Toen bouwde Jozua een altaar den HEERE, den God van Israel, op den berg Ebal;
31 Just as he had commanded Moses [the] servant of Yahweh [the] people of Israel according to [what] is written in [the] book of [the] law of Moses an altar of stones complete which not anyone has wielded on them iron and they offered up on it burnt offerings to Yahweh and they sacrificed peace offerings.
Gelijk als Mozes, de knecht des HEEREN, den kinderen Israels geboden had, achtereenvolgens hetgeen geschreven is in het wetboek van Mozes: een altaar van gehele stenen, over dewelke men geen ijzer bewogen had; en daarop offerden zij den HEERE brandofferen; ook offerden zij dankofferen.
32 And he wrote there on the stones copy of [the] law of Moses which he had written before [the] people of Israel.
Aldaar schreef hij ook op stenen een dubbel van de wet van Mozes, hetwelk hij geschreven heeft voor het aangezicht der kinderen Israels.
33 And all Israel and elders its and officials - and judges its [were] standing from this - and from this - of the ark before the priests the Levites [the] bearers of - [the] ark of [the] covenant of Yahweh as the sojourner as the native half of it to [the] front of [the] mountain of Gerizim and half of it to [the] front of [the] mountain of Ebal just as he had commanded Moses [the] servant of Yahweh to bless the people Israel at the former [time].

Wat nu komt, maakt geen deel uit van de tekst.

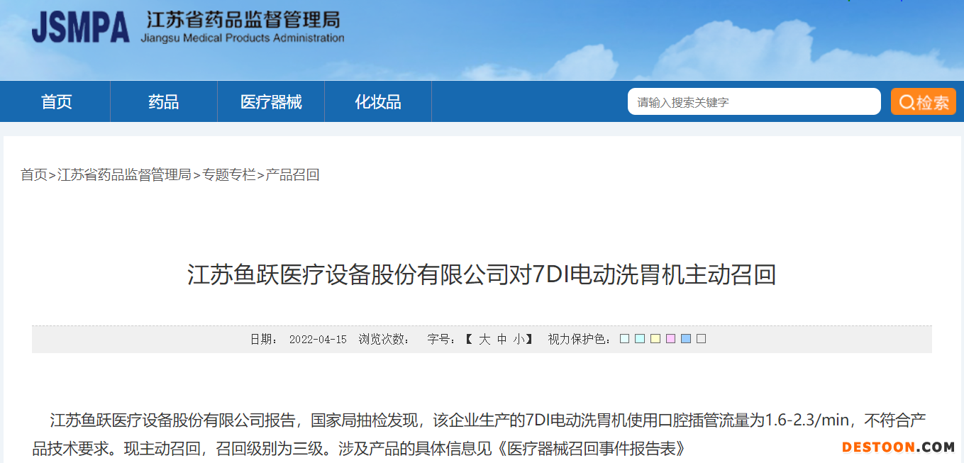 中国经济网北京4月20日讯 近日,江苏省药品监督管理局网站发布了江苏鱼跃医疗设备股份有限公司对7DI电动洗胃机主动召回的公告。日前,江苏鱼跃医疗设备股份有限公司(“鱼跃医疗”,002223.SZ)报告,国家局抽检发现,该企业生产的7DI电动洗胃机使用口腔插管流量为1.6-2.3/min,不符合产品技术要求。现主动召回,召回级别为三级。

En gans Israel met zijn oudsten, en ambtlieden, en zijn rechters, stonden aan deze en aan gene zijde der ark, voor de Levietische priesteren, die de ark des verbonds des HEEREN droegen, zo vreemdelingen als inboorlingen, een helft daarvan tegenover den berg Gerizim, en een helft daarvan tegenover den berg Ebal, gelijk als Mozes, de knecht des HEEREN, bevolen had; om het volk van Israel in het eerst te zegenen.
34 And after thus he read aloud all [the] words of the law the blessing and the curse according to every [thing] written in [the] book of the law.
En daarna las hij overluid al de woorden der wet, de zegening en den vloek, naar alles, wat in het wetboek geschreven staat.
35 Not it was anything from all that he had commanded Moses which not he read aloud Joshua before all [the] assembly of Israel and the women and the little one[s] and the sojourner[s] who went in midst their.
Daar was niet een woord van al hetgeen Mozes geboden had, dat Jozua niet overluid las voor de gehele gemeente van Israel, en de vrouwen, en de kleine kinderen, en de vreemdelingen, die in het midden van hen wandelden.